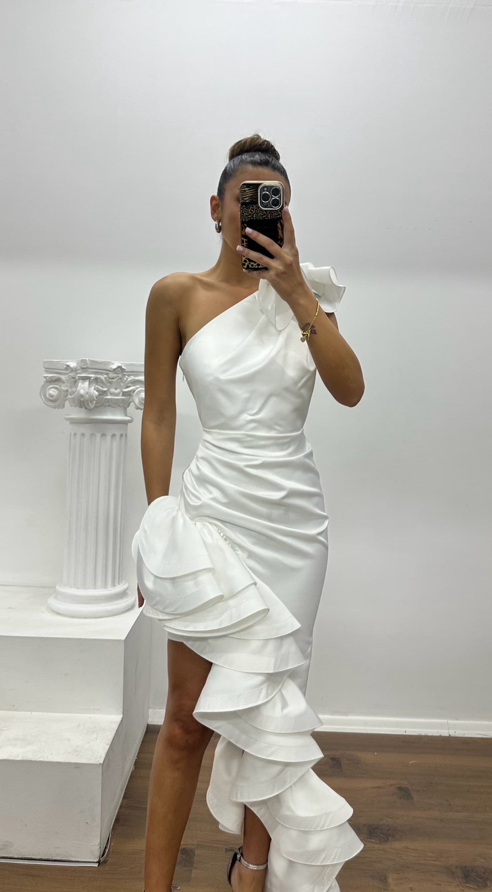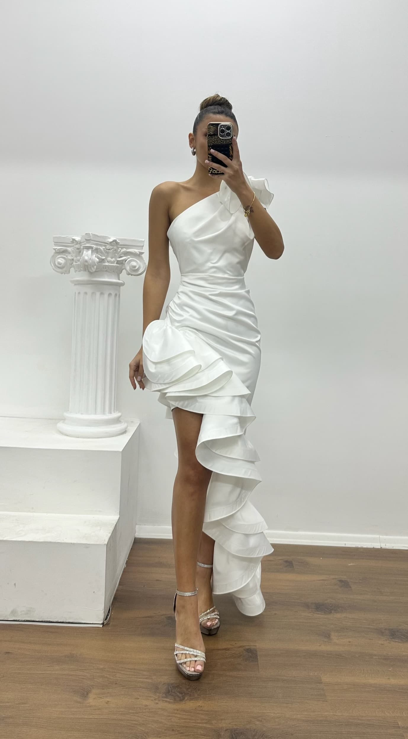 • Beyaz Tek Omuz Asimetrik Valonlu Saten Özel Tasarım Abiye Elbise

==

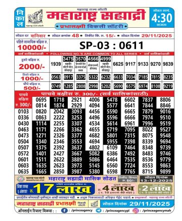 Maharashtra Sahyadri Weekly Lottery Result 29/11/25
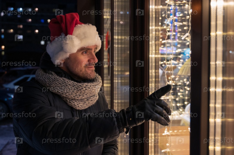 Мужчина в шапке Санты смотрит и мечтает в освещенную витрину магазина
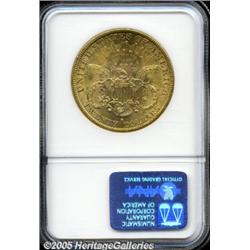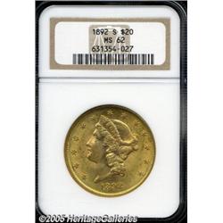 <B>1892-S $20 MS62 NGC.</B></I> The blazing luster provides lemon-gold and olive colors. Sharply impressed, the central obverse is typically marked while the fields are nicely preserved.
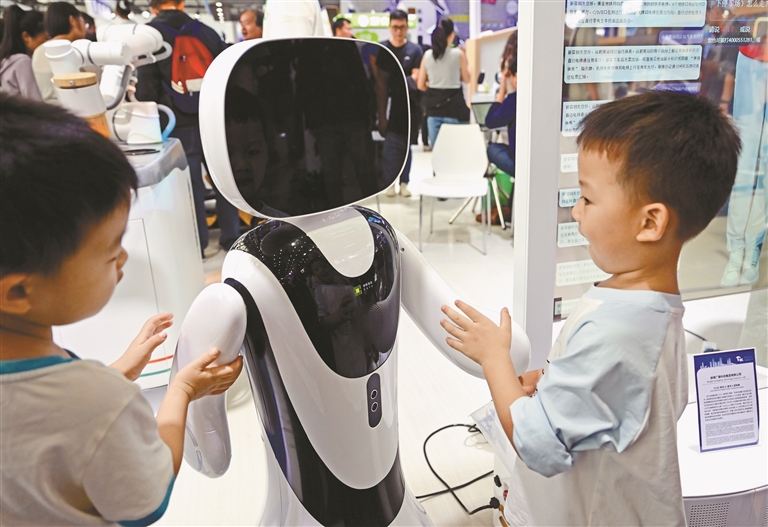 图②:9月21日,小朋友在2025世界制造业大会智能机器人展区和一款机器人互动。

▶ Task item
Each line above from the one containing "<B>1892-S $20 MS62" through the one containing "图②:9月21日,小朋友在2" is to be returned verbatim. Nothing else, and no pictures.

▶ Response to the task
 <B>1892-S $20 MS62 NGC.</B></I> The blazing luster provides lemon-gold and olive colors. Sharply impressed, the central obverse is typically marked while the fields are nicely preserved.
 图②:9月21日,小朋友在2025世界制造业大会智能机器人展区和一款机器人互动。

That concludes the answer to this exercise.